Sample Amplification: Increasing Dataset Size even when Learning is Impossible
Abstract
Given data drawn from an unknown distribution, \(D\), to what extent is it possible to “amplify” this dataset and faithfully output an even larger set of samples that appear to have been drawn from \(D\)?
We formalize this question as follows: an \((n,m)\) \emph{amplification procedure} takes as input \(n\) independent draws from an unknown distribution \(D\), and outputs a set of \(m > n\) “samples”. An amplification procedure is \emph{valid} if no algorithm can distinguish the set of \(m\) samples produced by the amplifier from a set of \(m\) independent draws from \(D\), with probability greater than \(2/3\).

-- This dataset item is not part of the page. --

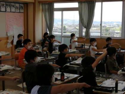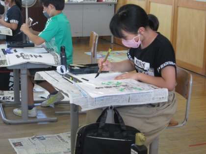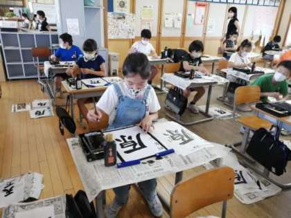 書写の時間。「原」という文字の組み立てを考えながら、美しく書くポイントをしっかり聞いて、集中して仕上げました。教室内に掲示しますので、学習参観の際に、ぜひご覧ください。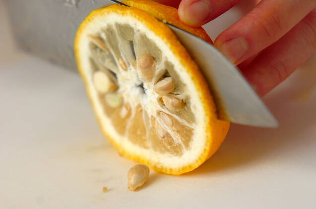 ユズは皮ごときれいに水洗いして横半分に切り、切り口から1枚ずつ輪切りを取る。残りは搾ってユズ汁を取る。

Perhaps surprisingly, in many settings, a valid amplification procedure exists, even in the regime where the size of the input dataset, \(n\), is significantly less than what would be necessary to \emph{learn} distribution $D$ to non-trivial accuracy. Specifically we consider two fundamental settings: the case where \(D\) is an arbitrary discrete distribution supported on \(\le k\) elements, and the case where \(D\) is a \(d\)-dimensional Gaussian with unknown mean, and fixed covariance matrix. In the first case, we show that an \(\left(n, n + \Theta(\frac{n}{\sqrt{k}})\right) \) amplifier exists. In particular, given \(n=O(\sqrt{k})\) samples from \(D\), one can output a set of \(m=n+1\) datapoints, whose total variation distance from the distribution of \(m\) i.i.d. draws from \(D\) is a small constant, despite the fact that one would need quadratically more data, \(n=\Theta(k)\), to \emph{learn} $D$ up to small constant total variation distance. In the Gaussian case, we show that an \(\left(n,n+\Theta(\frac{n}{\sqrt{d}} )\right)\) amplifier exists, even though learning the distribution to small constant total variation distance requires \(\Theta(d))\) samples. In both the discrete and Gaussian settings, we show that these results are tight, to constant factors. Beyond these results, we formalize a number of curious directions for future research along this vein.